Yes. The framework is the product. It is registered as a reusable DB-native tool (`atlas.need_vs_access_framework_v1`) and the methodology supplement gives the input contract: bind a need metric, an access metric, a population metric, and a covariate metric, and the framework produces the same analytical outputs. We have eleven other domains queued internally (poverty, ELL, jobs, postsecondary, library access, police per capita, maternal care, dental care, broadband, oncology, crisis response).
### Q12. Where is the dataset and how do I cite the work?

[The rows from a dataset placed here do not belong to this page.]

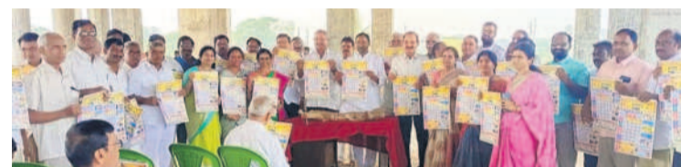
రెడ్డి సంక్షేమ సంఘం క్యాంపెయిన్ అధిష్టాధిపతి ఎమ్మెల్యే బీబీఆర్, ఎమ్మెల్సీ కోటిరెడ్డి

సూర్యాపేట టౌన్, జనవరి 1 : 2024 సంవత్సరంలో అందరి జీవితాల్లో కొత్త వెలుగులు నిండావి, అన్ని రంగాల ప్రజలంతా సరికొత్త ఆలోచనలతో, ఐక్యతతో ముందుకు సాగాలని సూర్యాపేట ఎమ్మెల్యే గుంటకండ్ల జగదీశ్ రెడ్డి ఇయర్ వేడుకలను మనంగా జరుపుకొన్నారు. ఈ సందర్భంగా ఎమ్మెల్యేకు నూతన సంవత్సర శుభాకాంక్షలు తెలిపేందుకు అధికారులు, ప్రజాప్రతినిధులు, బీఆర్ఎస్ నాయకులు, అభిమానులు పెద్ద సంఖ్యలో తరలివచ్చారు. క్యాంపు కార్యాలయం కిక్కిరిసింది. మొక్కలు, శాలువలు, పుష్పగుచ్ఛాలు అందజేసి నూతన సంవత్సర శుభాకాంక్షలు తెలిపారు. అనంతరం ఆయన మాట్లాడుతూ ప్రతి ఏడాది మాదిరిగానే 2023 వచ్చి వెళ్లిపోయిందని, కాబట్టి ఎవరి కోసం ఆగడం.. అందుకే సమయాన్ని వృథా చేయకుండా కష్టపడి ఉన్నత శిఖరాలను అధిరోహించాలని సూచించారు. 2024 ఏడాదంతా అందరికీ మంచి జరుగాలని, మరంత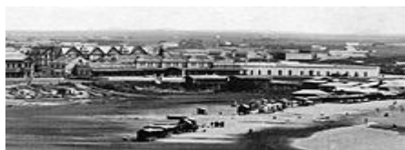
Mar del Plata en 1895.

Más tarde, en 1879 y también a iniciativa de su fundador, se estableció el Partido de General Pueyrredón dividiendo en dos el Partido de General Balcarce.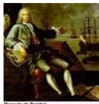
Marquise de Pombal

dar luces a una nación cuya población raya en los 30.000.000 de habitantes.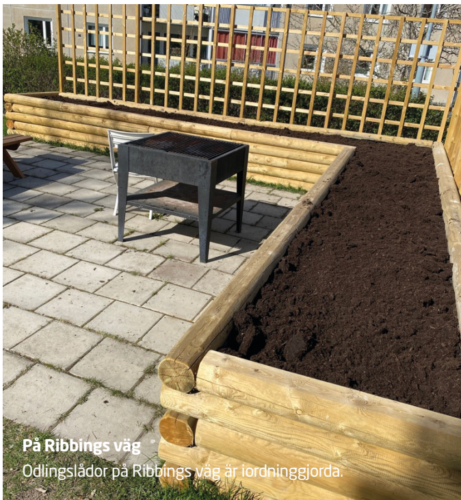
På Ribbings väg Odlingslådor på Ribbings väg är iordninggjorda.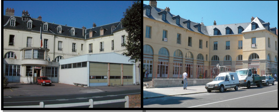
Şekil 20. Plaza del Pericon (Malaga – İspanya) öncesi ve sonrası (Ertan & Eđerciođlu, 2016)

ölçeđini, biçimini ve yasal alt yapısını etkilemektedir. Bu dođrultuda ülkeler tarihi dokular üzerindeki stratejilerini kendileri belirlemektedirler (Şekil 20, 21, 22).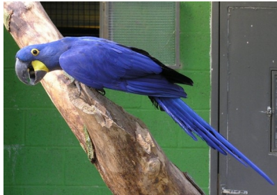
□□□□□□ □ V t Xanh Hyacinth

Có ngu n g c Trung và Đông Nam M , loài v t đuôi dài Hyacinth là loài v t l n nh t và cũng là loài v t bi t bay l n nh t trên th gi i. Trong khi loài này r t đ nh n ra b i b lông màu xanh tím b t m t, v t đuôi dài Hyacinth cũng r t đ b nh m v i loài v t tía Lear's, loài còn quý hi m h n nhi u.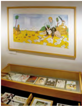
Palmbaum-Bild von Moritz Götze und Vitrine im Jenaer Romantikerhaus.

Die bislang 35 illustrierten Hefte, die Andrucke ihrer Einbände und deren originalgrafischen Vorlagen ergeben in ihrer Vielfalt eine ebenso hochkarätige wie abwechslungsreiche Ausstellung, die zum dreißigjährigen Bestehen der Zeitschrift an drei Orten zu sehen war: Im Januar und Februar gastierte sie im Foyer des Literaturhauses Leipzig. Der begrenzte Raum nötigte zur Konzentration auf ein Dutzend Bildbeispiele, während die Hefte und kleinere Grafiken in acht Vitrinen auslagen.

Dataset (78,815 tracts × 27 fields, CSV + sha256 manifest):
**https://api.daedarch.ai/api/v4/t/media/serve?bucket=daedarch-public-media&object=mental_health_gap/dataset_v1/mh_gap_tract_v1.csv**
Working paper and content arsenal hub:
**https://trellison.com/research/mental-health-supply-demand-gap**
Recommended citation (DOI pending Zenodo registration):
> Trellison Institute. *The Mental Health Access Gap in the United States Divides into Two Distinct Problems*. Working paper, v1.0 (May 2026). DOI: [pending]. https://trellison.com/research/mental-health-supply-demand-gap
The Need-vs-Access Framework code is documented in the methodology supplement and registered as `atlas.need_vs_access_framework_v1` v1.0.0 in the DaedArch tool registry.